Work request: A verbatim repetition of the data below is requested, without images.

Dataset section:
- - - - - - -

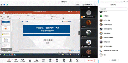 2021年5月12日晚7点,beat365 官方网站在线上举行第七届中国国际“互联网+”大赛学院专题培训会。会议由学院团委副书记王扬主持并进行了赛事解读,本科生王诗存、刘开心、研究生任旭晨和王思圆依次分享了大赛经验。学院党委副书记王海青、院长助理曹杉、学院创新创业委员会委员、部分系主任、指导教师以及两百五十余名学生共同参加了本次培训。
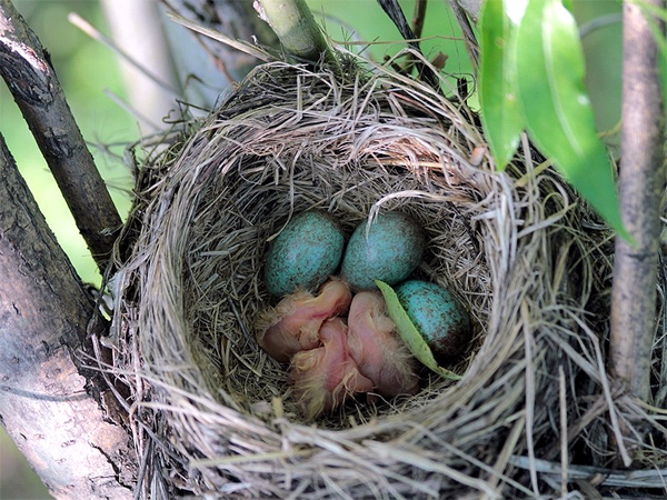 Лучшие мастера-строители - певчие птицы. Они завивают свои гнёзда из травинок, соломы, стеблей, листьев, мхов, лишайников, а внутри устилают перьями, конским волосом, шерстинками - для тепла и
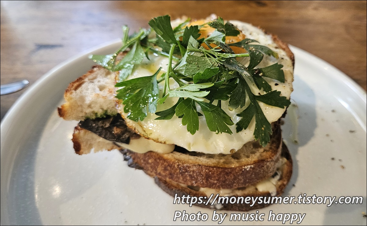 버섯, 치즈, 페스토, 디종마요, 후라이 에그가 들어간 머시룸 토스트는 제가 주문한 건데 역시 제일 맛있더라고요~😄

- - - - - - -

Exercise response:
 2021年5月12日晚7点,beat365 官方网站在线上举行第七届中国国际“互联网+”大赛学院专题培训会。会议由学院团委副书记王扬主持并进行了赛事解读,本科生王诗存、刘开心、研究生任旭晨和王思圆依次分享了大赛经验。学院党委副书记王海青、院长助理曹杉、学院创新创业委员会委员、部分系主任、指导教师以及两百五十余名学生共同参加了本次培训。
 Лучшие мастера-строители - певчие птицы. Они завивают свои гнёзда из травинок, соломы, стеблей, листьев, мхов, лишайников, а внутри устилают перьями, конским волосом, шерстинками - для тепла и
 버섯, 치즈, 페스토, 디종마요, 후라이 에그가 들어간 머시룸 토스트는 제가 주문한 건데 역시 제일 맛있더라고요~😄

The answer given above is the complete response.